Datafolha: Dilma perde mais eleitores do que Aécio para o 2º turno

Publicado em 13/10/2014 17:22

A presidente Dilma Rousseff (PT) perdeu para o rivalAécio Neves (PSDB) parte dos eleitores que votaram nela no primeiro turno, mostra a última pesquisa Datafolha. O mesmo ocorre com o tucano, mas em percentual inferior ao dos votos perdidos pela petista.

Segundo levantamento Datafolha concluído na quinta-feira (9), se a eleição fosse nesse dia, 6% dos eleitores que afirmaram ter votado em Dilma Rousseff no primeiro turno escolheriam o tucano no segundo turno. No caso de Aécio Neves, a migração de votos para a petista seria de 2%.

Considerando apenas os votos válidos, Dilma perderia 6% dos votos, e Aécio, 3%.

Dilma Rousseff terminou o primeiro turno à frente, com 43,268 milhões de votos, ou 41,59% do total dos válidos. Aécio Neves teve 34,897 milhões de votos, 33,55% dos válidos.

Dos que disseram ter votado em Dilma, 88% afirmaram que "com certeza" repetiriam o voto no dia 26 de outubro. Daqueles que optaram por Aécio, 91% permaneceriam fiéis.

Entre os dilmistas, 3% não sabiam em quem votar no pleito final das eleições presidenciais.
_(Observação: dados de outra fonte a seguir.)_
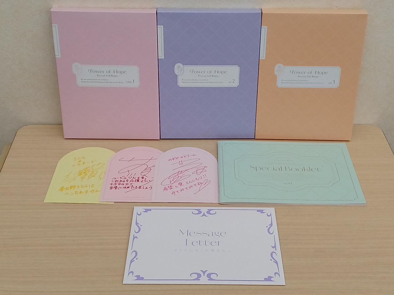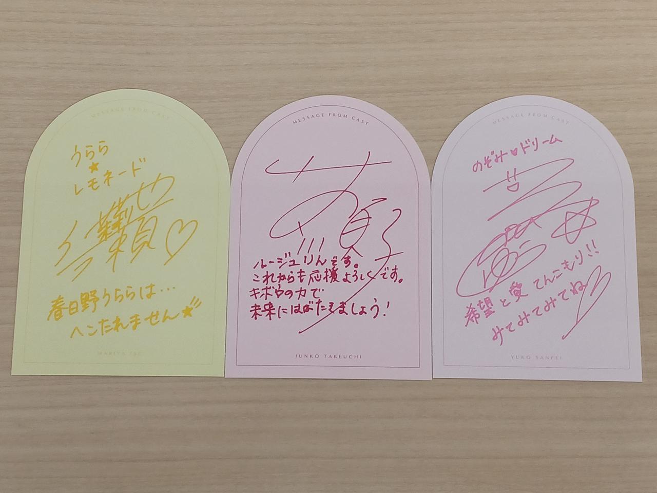 アクリルスタンド三種、キャスト直筆複製色紙、メッセージレター、スペシャルブックレットのセットとなります。 |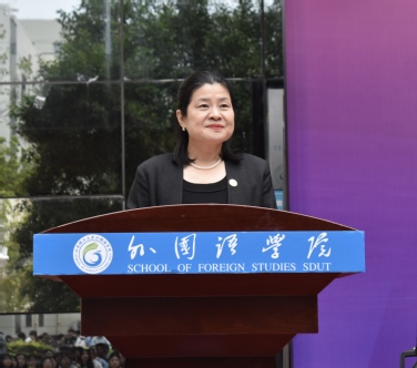 仪式第四项,学院党委书记李静讲话。她首先回顾了学院自成立以来的发展历程,介绍了学院在学科建设、师资力量以及学生培养等方面取得的成就,同时向同学们提出了三个方面的殷切期望:一是要筑牢理想信念“压舱石”,使青春航向不偏航,二是要深耕专业领域“责任田”,为职业发展筑根基,三是要练就全面发展“真本领”,让人生出彩有底气。她勉励全体新生树立远大理想,在实践中全面发展,成长为“内外兼修,中西贯通”的优秀外语人才。最后,她祝愿同学们在外院的每一天都因收获而快乐,因进步而幸福。

No caso tucano, esse percentual era de 2%.

REJEIÇÃO

No último Datafolha, o percentual de eleitores que disseram ter votado em Dilma, mas que não votariam de novo nela de jeito nenhum é de 3%. No caso de Aécio, essa rejeição é de 1%.

Também pesa negativamente sob Dilma parte considerável daqueles que optaram por Marina Silva (PSB) na primeira fase da disputa, e que afirmam não votar na petista de jeito nenhum agora: 65%. Entre os marineiros, a rejeição a Aécio é de 18%.

Dos eleitores de Marina, 66% devem optar por Aécio, e 18%, por Dilma. Na pesquisa de 30 de setembro, 25% dos marineiros optariam pela petista caso a ex-senadora ficasse de fora do segundo turno.

Como Marina recebeu 22,177 milhões de votos, terminando com 21,32% dos válidos, seus eleitores são fundamentais para decidir quem irá governar o país nos próximos quatro anos.

A rejeição também é alta entre aqueles que votaram em branco ou nulo -e que somaram mais de 11 milhões de votos, a quarta maior força eleitoral no primeiro turno. Entre eles, 63% afirmaram não votar de jeito nenhum em Dilma no segundo turno. A rejeição ao tucano, nessa faixa, é de 43%.

MIGRANTES

Os votos "migrantes" surgem com mais força agora. Antes do primeiro turno, os percentuais eram bem menores.

Pesquisa Datafolha finalizada em 30 de setembro mostrava que, num cenário em que os dois candidatos fossem para o segundo turno, 2% dos votos da petista iriam para o tucano, enquanto 1% dos eleitores dele migrariam para a candidatura do PT.

O Datafolha dá outra informação que mostra um grande contingente que pode estar disposto a mudar de voto. Entre os aecistas de primeiro turno, 14% dizem que talvez votassem em Dilma no segundo. O percentual de dilmistas que poderiam virar aecistas é o dobro: 28%.

Há empate entre aqueles que talvez mantivessem o voto no mesmo candidato: 8% para cada lado.

O crescimento dos eleitores de Dilma perdidos para Aécio no segundo coincidem com o aparecimento de novas denúncias envolvendo a Petrobras.

O ex-diretor da estatal Paulo Roberto Costa e o doleiro Alberto Youssef apontaram em interrogatório à Justiça que desvios de recursos da empresa abasteciam o caixa do PT e dos PP e PMDB. O PT nega. Porém, não há como afirmar que a razão desse comportamento é o escândalo da Petrobras -ou apenas ele.

É comum haver eleitores que mudam de escolha de um turno para outro. Em 2006, por exemplo, o então candidato à Presidência Geraldo Alckmin (PSDB) recebeu menos votos no segundo turno do que havia tido no primeiro. Naquele ano, ele perdeu 2,4 milhões de eleitores, e Lula (PT) foi reeleito presidente.

Também há eleitores que rechaçam uma das candidaturas e que votam em quem não é de sua preferência para que outro candidato não tenha chance de vencer.

Seria o caso, por exemplo, de eleitores que optariam por Aécio para evitar que Marina fosse à disputa final, temendo que ela saísse vitoriosa, e que no segundo turno escolhessem o PT.